Turkey: Kurdish leader hints support at main opposition leader’s candidacy
Jailed Kurdish leader Selahattin Demirtas signaled support for the main opposition leader’s candidacy in the next year’s presidential elections in an interview with Medyascope web site.
CHP (People’s Republican Party) leader Kilicdaroglu “seems to have significant support in different social segments. In such polarized societies, it is not an easy task to offer solutions for every issue and to unite the society around them,” Demirtas said.
Former HDP (Peoples’ Democratic party) Co-Chair said that Kilicdaroglu suffers a great injustice in a debate surrounding his Alevi identity, which some see as a frailty against a powerful Erdogan, Turkey’s president who already announced himself as the candidate of the ruling block.

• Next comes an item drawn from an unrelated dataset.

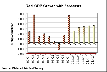 | Look at the market on any given day and you will more likely see more stock indices heading down than up. There is no question that political tensions in the Middle East and between India and Pakistan are hurting investor sentiment. Investors are also embittered by the Enron scandal and its fallout, which has heightened suspicions over companies that serve up dicey financial statements. But the impact of global tensions is usually temporary, and there's nothing new about company scandals. The most important factor behind the stock market is the economy. Granted, market prices may diverge from their fundamental values for a considerable time. Remember the irrational exuberance of the late 1990s. Stock prices surged well beyond fundamental values for more than a few years. But even then, the exuberance wasn’t baseless. Investors believed that the high tech sector would significantly increase productivity, which in turn, would benefit the economy. In fact, productivity gains were relatively modest and the full impact of the benefits of technology has not yet been incorporated into our daily lives. Nevertheless, the bull market in the high tech sector was economically motivated. This brings us to present day. Irrational exuberance has been replaced by irrational depression. It seems that economic data – whether in line with or above economists’ expectations – are just not good enough to sustain a stock market rally. Philadelphia Fed Forecast Survey The Federal Reserve Bank of Philadelphia recently released its quarterly survey of economic forecasts covering 2002 and the first half of 2003. The May survey revealed that forecasters just about doubled their estimates for real GDP growth for 2002 compared with the February survey. Economists are now predicting that real GDP will expand 2.7 percent this year compared with the 1.4 percent estimated about three months ago.  Not surprisingly, the May survey showed upward revisions to several components. Predictions for housing starts and industrial production were boosted. Stronger growth is often associated with a faster inflation rate. In fact, the CPI forecasts were slightly higher in the May survey than the February survey, but inflation remains subdued nevertheless. Stronger growth is also associated with higher interest rates. Though forecasters raised their estimates for the 10-year Treasury note, they lowered estimates for the 3-month bill. Indications from the Federal Reserve that its overnight policy rate will rise slowly are probably depressing short-term rates. But if short-term rates remain too low for too long, then inflationary pressures will emerge. Consequently, long-term rates are rising even though short-term rates are not. A faster rate of economic growth is typically associated with a larger revenue stream and improved corporate profits. In fact, forecasters reduced their estimates for profits in 2002 though they increased their estimates for GDP growth. GDP and national income are two sides of the same coin. Increased GDP growth with a reduction in profit growth implies that the income, which has to go somewhere, would head into workers' pockets. Higher wages would no doubt translate into increased consumer spending. Market interpretation It is possible that even though economists’ expectations have become more optimistic about growth, equity investors are not yet convinced that these forecasts will be realized. Perhaps investors ignored the Philadelphia Fed's report. Even though economic growth forecasts improved, economists did not revise higher their predictions for corporate profit gains in 2002. It is also possible that market players are more worried about political events than they let on. A recent Barron's article noted that many market professionals believe that another terrorist attack on U.S. soil would not only dampen stock prices, but keep them down longer than the initial attacks of September 11. The Bottom Line Today’s market environment is a difficult one in which to make decisions on stock purchases (and sales). It is certainly easier to consider buying equities when you see prices climb day after day. Yet long-term investors are more likely to profit from stock purchases when they “buy low”. In the long run, one has the best opportunity to buy low when the market is in the dumps. Certainly, the economic environment is favorable when economists are revising up, rather than down, their forecasts of economic growth. American investors, however, may be fearful of more than an economic slump. If we are looking only at a slump due to basic economic factors (too much supply that needs time to be absorbed by somewhat slower demand), investors realize that the economy and the market will eventually turnaround. However, if there is an unconscious fear surrounding terrorism in the United States, then stock prices could be depressed for an indefinite period of time. Are economic fundamentals once again being thrown out? |
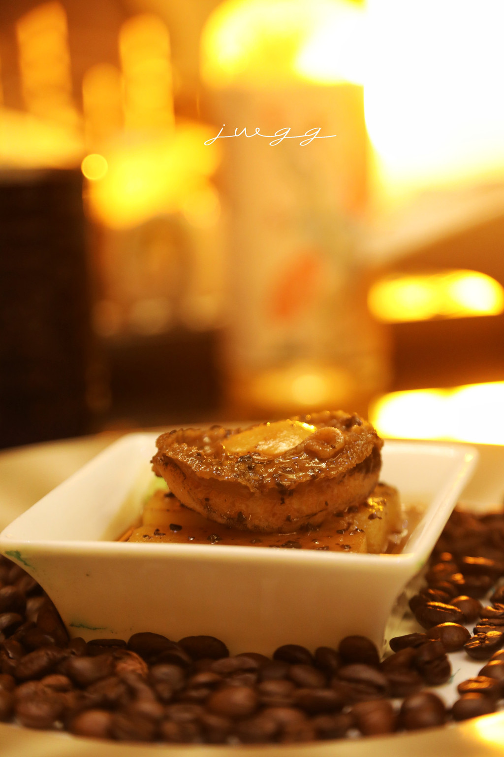 鲍鱼用老汤煨了4个多小时,有一点点鸡汤的鲜,又有鲍鱼独有的嫩滑嚼劲。上菜的时候用魔术纸围起来点燃,有一种看魔术表演的既视感。

Six opposition parties including the CHP who made an alliance against the ruling block are working on putting forward a joint name to run against Erdogan at the elections, but yet to declare a candidate. HDP is not among that opposition bloc.
Kilicdaroglu, who already voiced his willingness to run should the opposition alliance agree on his name, said in late June that it would be more appropriate to put forward a joint candidate with the HDP, which had 11,7 percent of the votes in the 2018 elections.
Those who think that Turkey is their private registered land poison the political scene.
Demirtas also blasted nationalist circles who wanted to exclude Kurds from Turkey’s political scene.
Recently, when a CHP deputy said it would only be natural for the HDP to be given a minister when he was talking about a hypothetical cabinet, he was lambasted not only by the ruling block but also by nationalist Iyi Party (Good Party) from the opposition, whose chair said they could not “coexist with HDP.”
“The language they use is politically unethical, offensive and exclusionary. The haste to get a couple of nationalist votes demonstrated the very essence of these people,” Demirtas said.
HDP is accused by nationalist parties of having ties with the PKK (Kurdistan Workers Party), an armed group that has been fighting Turkey for four decades, but it denies allegations.
“Those who think that Turkey is their private registered land poison the political scene. They calculate how they can fill their pockets by discriminating people. And then they try to cover up the filth they spread with flags. This mentality turned Turkey into hell, bringing the society on the brink of economical, social and cultural collapse,” Demirtas said, adding that when a historical opportunity was rising for great change and reform, it was not acceptable to impose the old tricks in the name of a so-called opposition.